With these cost advantages and the uncertainty of foreign operations, many
of the major U.S. oil companies are increasing participation in the domestic
oil industry.
Due to the Company's marketing efforts, TGC has been able to establish a new
West Coast market for one of its geophysical crews. The other crew is working
in the Mid-Continent and the Gulf Coast regions. With the addition of this new
market area, TGC should see an increase in revenues and operating profits.
However, due to uncertainties related to weather, permits, and oil and gas
prices, there can be no assurance that such improvement in revenues and
operating profits can be achieved.
Packaging Business
The Company purchased certain assets of Union Camp Corporation's Chase
Packaging division on July 30, 1993, for a purchase price of approximately
$6.14 million. The Company's wholly-owned subsidiary, Chase Packaging
Corporation, a Texas corporation, was the entity acquiring the assets.
These assets include substantially all of the business of weaving and
constructing Saxolin (R) paper mesh and polypropylene plastic mesh bagging
material for agricultural and industrial applications, and substantially
all of the properties related to Chase Bag.

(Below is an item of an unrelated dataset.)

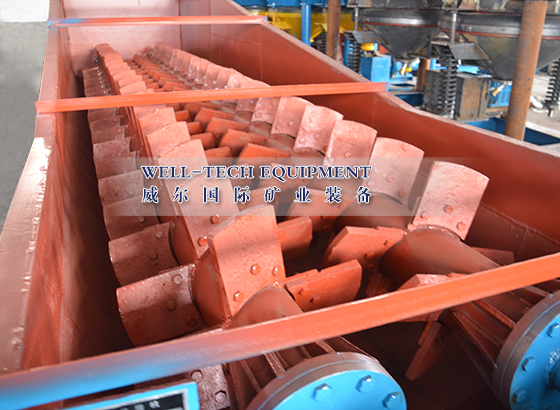 螺旋洗礦機(jī)用減速機(jī)帶動(dòng)兩個(gè)螺旋攪拌軸以不同方向旋轉(zhuǎn),進(jìn)入槽體的礦物經(jīng)葉片強(qiáng)力攪拌和清水沖洗,污水從槽尾溢流面排出,洗凈的礦物順著葉片傾角向上排出。

The business and properties acquired by Chase consist of Union Camp's plant
facilities located in Portland, Oregon and Idaho Falls, Idaho, and all
machinery, equipment, and inventories connected with these facilities.
Union Camp retained all accounts receivable owing as of the July 30, 1993,
closing date.
On May 25, 1994, the Company acquired for approximately $1.77 million, through
its wholly-owned subsidiary Chase Packaging Corporation, from Fisher Bag
Company, Inc. ("Fisher Bag") of Seattle, Washington, substantially all of
its business of manufacturing and marketing agricultural and industrial
bags and other packaging materials. The business and assets acquired from
Fisher Bag consist of all operating assets of Fisher Bag, including all
equipment, inventories, accounts receivable, and proprietary information, but
excluding all real property and interests in real estate.
Chase Bag's operation in Portland, Oregon began production in 1939. Primary
products included burlap and cotton bags. Due to shortages of raw
materials in the early 1940's, paper weaving was added to provide packaging
materials for potatoes, onions, and citrus fruits. The weaving process was
modernized in the mid-1970's with the purchase of technologically superior
Sulzer weaving machines.
In 1965, Chase Bag acquired the assets of Ames, Harris, Neville Company, a
local competitor. Included in the purchase was a warehouse in Idaho Falls,
Idaho. This facility was expanded in 1978 to include conversion of Saxolin
(R) paper mesh material for potato and other agricultural product bags.
Saxolin (R) is created by slitting, treating, and twisting paper into
individual threads before weaving and dyeing the mesh. This biodegradable
paper mesh is then converted into finished bags or sold as yardage for
conversion by others or sold for industrial applications. The Portland
plant has become a leading supplier of Saxolin (R) paper mesh to the Idaho
potato market. Predominantly used for consumer size Idaho potato bags,
Chase has extended the use of Saxolin (R) paper mesh to new areas, including
covers for rail cars carrying wood chips and erosion control blankets.
The capability to extrude and weave polypropylene mesh materials was added in
the early 1980's to service the needs of the large onion markets on the
West Coast for polypropylene mesh bags. Approximately $650,000 has been
expended during 1993-95 to upgrade the Company's weaving machines enabling
41 of the 44 looms to weave polypropylene mesh to meet the demand
for agricultural and industrial polypropylene woven products.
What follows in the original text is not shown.